An anti-superstition campaigner in India has been slain by gunmen on a motorcycle.
Dr. Narendra Dabholkar, 72, who led a committee for the eradication of blind faith (Andhashraddha Nirmulan Samiti), was found outside in a pool of blood Tuesday morning in Pune, southeast of Mumbai, and rushed to a hospital where he died.
Dabholkar, a celebrated rationalist, was at the forefront of a movement to legislate against superstition in a country where bogus witchcraft guised as religious ceremony regularly gets the better of both educated and uneducated Indians.

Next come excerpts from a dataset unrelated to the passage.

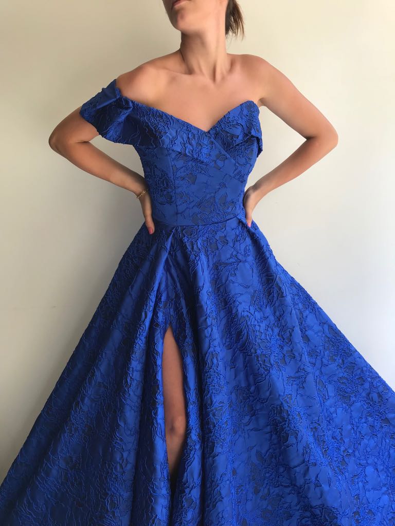 The off-shoulder blue gown is stylish and slightly flirtatious at the same time. It reveals the collarbones and leaves the overall look graceful. The blue color of sapphire makes this style seem very luxurious.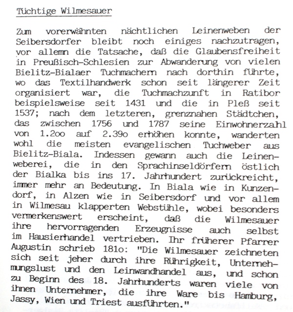 fragment o mieszkańcach Wilmesau/Wilamowic z publiakcji "Heimat Alzen"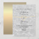 Convite de casamento moderno na praia, simples, elegante, minimalista, com coração de corda em folha de ouro e águas cristalinas do oceano. Escolha perfeita para casamentos contemporâneos de verão.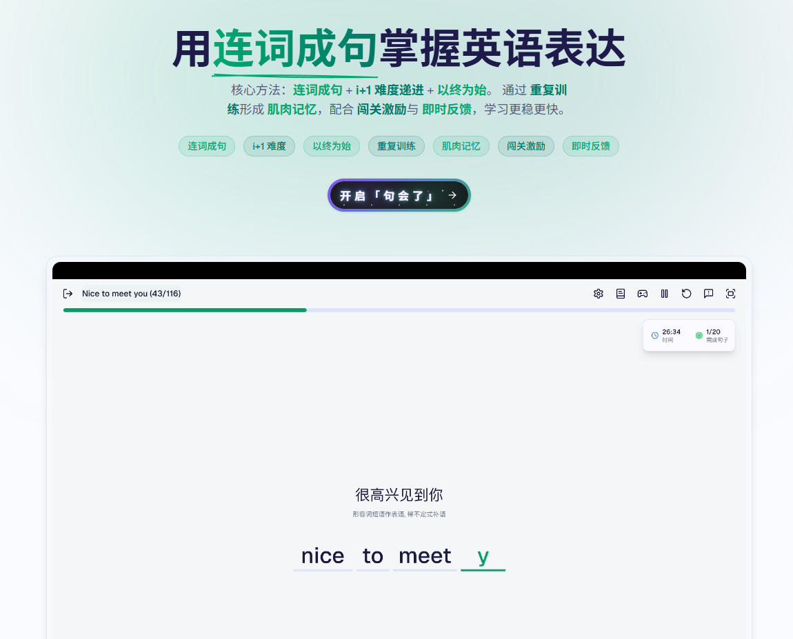 平台采用科学的学习方法、游戏化的设计和持续的反馈机制,配合引导模式、智能单词提示、实时纠错和渐进式难度,让学习过程像闯关游戏一样充满正向激励。用户可以通过排行榜、徽章等系统获得成就感,提升学习动力。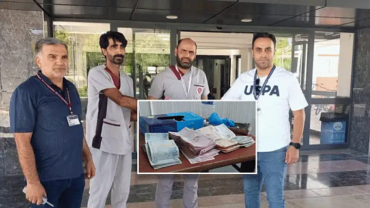 Elazığ Fırat Üniversitesi Hastanesinde bir temizlik personeli, otopark kısmında çalıştığı sırada bulduğu poşet dolusu parayı polise teslim etti.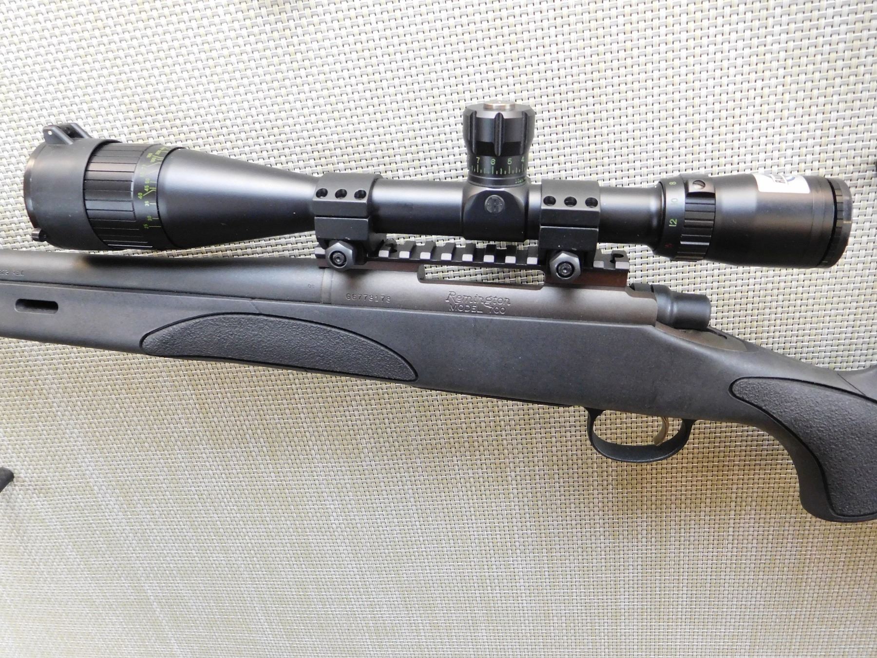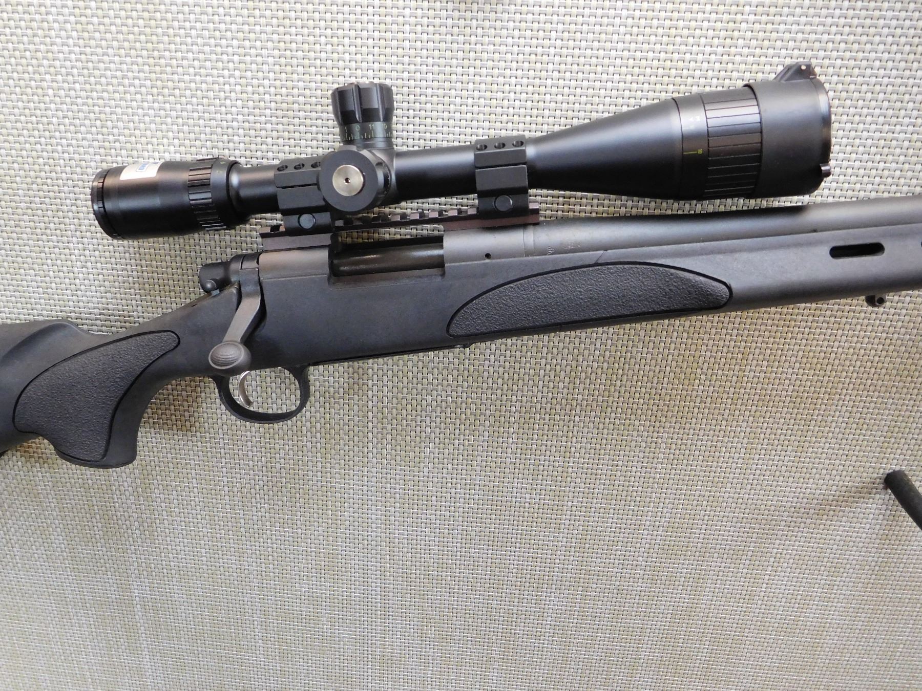 HAS A FLOOR PLATE, BLACK MATTE HEAVY BARREL, BLACK SYNTHETIC STOCK WITH A VENTILATED FOREND, SLING STUDS, RECOIL PAD, ADJUSTABLE SCOPE RAIL WITH A BUSHNELL RAINGUARD HD 5 -15 ADJUSTABLE SCOPE , ACTION: BOLT ACTION RIFLE , BARREL LENGTH: 660MM , STOCK # 7453 , SERIAL # 66778178 , CONDITION: 9/10 , CLASS: CANADIAN NON RESTRICTED CLASS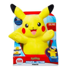 Interact with Pikachu like never before with Power Action Pikachu! Featuring Action Sensor Technology, squeeze Pikachu’s hands to interact with him.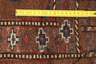 um 1900, gleichmäßige Musterung über erdfarbenem Fond, starke Alters- und Gebrauchsspuren, Maße 132 x 220 cm.
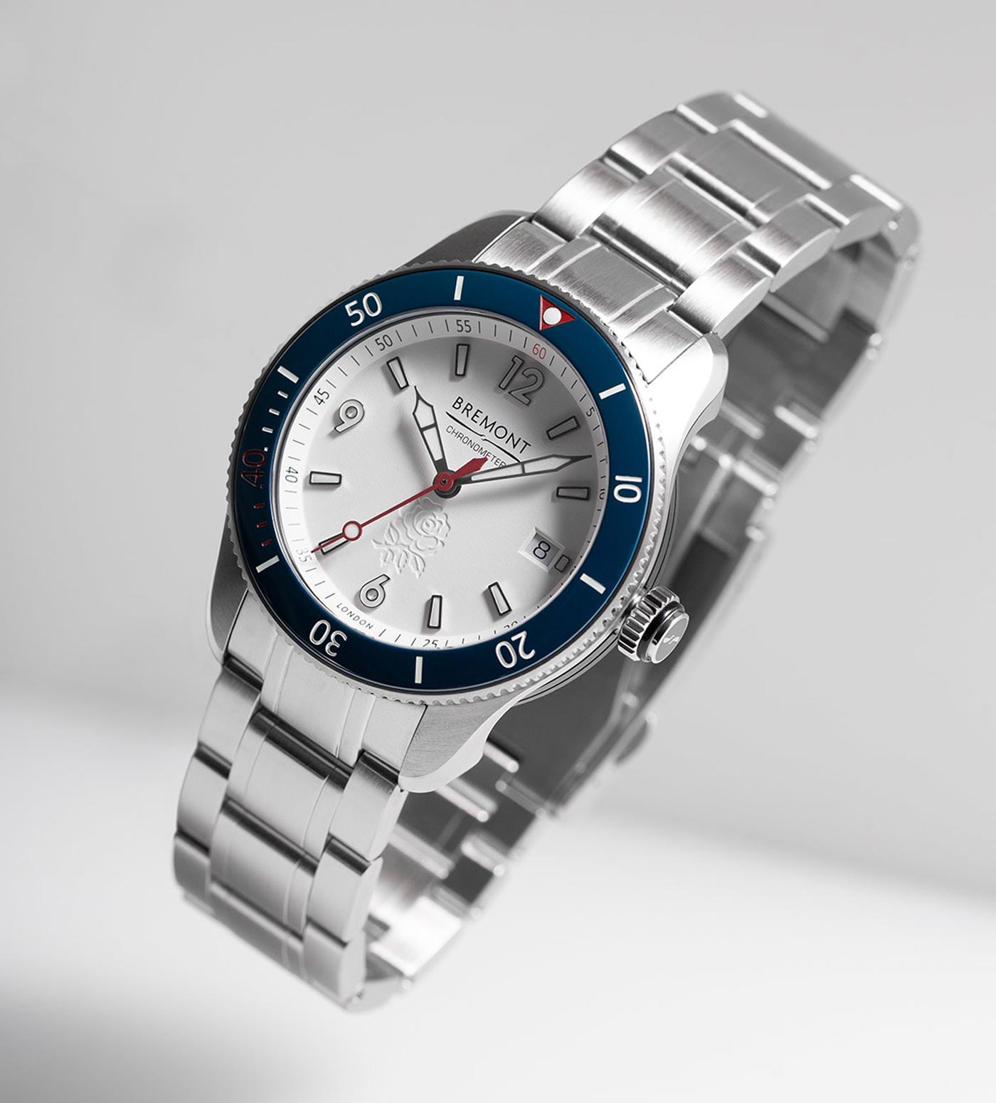 In the run-up to the 2022 Six Nations Championships, Bremont unveils its latest timepiece dedicated to England Rugby. The Limited Edition S300 RFU chronometer comes in a 40-mm stainless steel case topped by a blue ceramic bezel and decorated in colors inspired by England’s team kit. The white dial features a debossed English rose, date window at 3 o’clock, and luminous hands and markers – alongside a sweeping red seconds hand which nods to the flag of England. Another English rose appears on the steel case back, surrounded by the words England Rugby – Twickenham. Based on Bremont’s Supermarine diver with a chronometer-tested movement, the watch is water resistant to 300 meters. Limited to 150 pieces.

His death comes days after the Maharashtra state government announced plans to introduce a controversial anti-superstition bill, one that Dabholkar has been pushing for the last 14 years, much to the consternation of Indian right-wing groups.
"I'm fighting against religious practices that are 5,000 years old," said Dabholkar in an Indian Express newspaper interview published on his committee website. "I am asking people to rethink."
Dabholkar's committee members note that they aren't against God and religion as much as they are against bogus rituals, sacrifices and fraudulent "godmen" with dubious origins.
'I'm fighting against religious practices that are 5,000 years old.'— Dr. Narendra Dabholkar
Deepak J. Girme, a volunteer with the anti-blind-faith committee for nearly 20 years, told CBC News Dabholkar had received death threats in the past, but never thought the "terrorists" would actually go through with it.
Two months ago at a Mumbai rally, a fundamentalist Hindu organization announced that they would "make a Gandhi of Dhabolkar," Girme said, "meaning that they would assassinate him."
Girme said religious groups were afraid that Dabholkar and his followers were encroaching on their territory by educating people to give up blind faith, appreciate science and adopt an attitude of reason.
"Faith is the last word of the conperson," Girme said. "They ask you to have faith when they have no other explanation," he added, referring to Indian priests, witch doctors and politicians whom he said prey on people's religious devotion.
Girme told CBC News that in certain Maharashtran villages people have been fooled into seeing witch doctors rather than seeking necessary medical attention, and have even been persuaded to sacrifice children to appease the gods.
Dhabolkar was trying to get people out of that "hellhole," and was attacked because fundamentalists were losing power over people, Girme said.
"If you can’t fight thought with thought, reason with reason, then the only weapon that they have is to shoot him," Girme said. "But that will not stop the progress that has been made."
Dhabolkar also ran an addiction treatment centre and worked to improve education among women.
Girme said that there are currently no plans for a memorial, though Dhabolkar's followers have already organized a march in Pune.
"He was a simple man," said Girme, pointing out that Dhabolkar was not one for ceremony.